Analysis of problems caused by MySQL proofreading rules

Source: Internet
Author: User

The problem is as follows:
A test table. The character set uses latin1.
Select to_id from test where to_id = 'cn elephant _ Wang ';
+ --------------- +
| To_id |
+ --------------- +
| CN Tao _ Tao |
| CN xiang_wang |
+ --------------- +
2 rows in SET (0.00 Sec)

The data of CN elephant King was retrieved.

This is obviously not allowed.

view their encoding:
(root @ im_offlog1a :) [test]> select hex ('cn Tao _ tao ');
+ ---------------- +
| hex ('cn Tao _ tao ') |
+ -------------- +
| 636eccd55fccd5 |
+ ---------------- +
1 row in SET (0.00 Sec)
(root @ im_offlog1a :) [test]> select hex ('cn elephant _ Wang ');
+ ---------------- +
| hex ('cn elephant _ Wang ') |
+ -------------- +
| 636ecff35fcdf5 |
+ ---------------- +
1 row in SET (0.00 Sec)
Encoding is indeed different, but why does MySQL think these two records are the same?
at the beginning, we located the problem caused by collation.
show variables view
| collation_connection | latin1_swedish_ci
| collation_database | latin1_swedish_ci
| collation_server | latin1_swedish_ci

Manually change these parameters to latin1_bin, and the result is the same.
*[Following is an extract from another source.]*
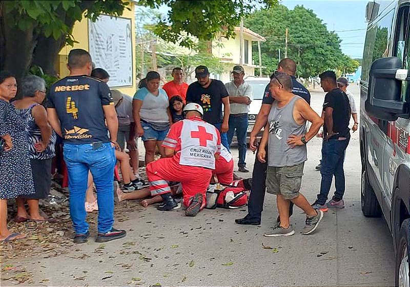 La conductora de la motoneta Italika azul, en un intento por dirigirse a las vías del tren, perdió el control al tomar una curva presuntamente a alta velocidad, provocando el derrape que terminó en una colisión con un árbol.

This is really strange.
Here we will first explain the naming rules for MySQL collation:
They start with their relevant Character Set names, usually include a language name, and end with _ Ci (Case Insensitive), _ CS (case sensitive), or _ Bin (Binary)
For example, the Latin1 character set has the following correction rules:
Proofread Rule Meaning
Latin1_german1_ci Germany din-1
Latin1_swedish_ci Sweden/Finland
Latin1_danish_ci Denmark/Norway
Latin1_german2_ci Germany din-2
Latin1_bin complies with Latin1 encoding binary
Latin1_general_ci multi-language (Western Europe)
Latin1_general_cs multi-language (Western Europe ISO), case sensitive
Latin?spanish_ci modern Spain

Finally, we recreate the table and manually specify the table-level collation as latin1_bin.
This problem is solved.

The problem arises again. Why does it not take effect when I manually test latinrelease bin?
MySQL used to select the table Character Set and proofreading rules as follows:
If character set X and collate y are specified, character set X and collate y are used.
If the character set X is specified but the Collate y is not specified, the character set X and character set X are used as the default proofreading rules.
Otherwise, the server Character Set and server verification rules are used.
The character set is specified during table creation, so it always adopts the corresponding default proofreading rules.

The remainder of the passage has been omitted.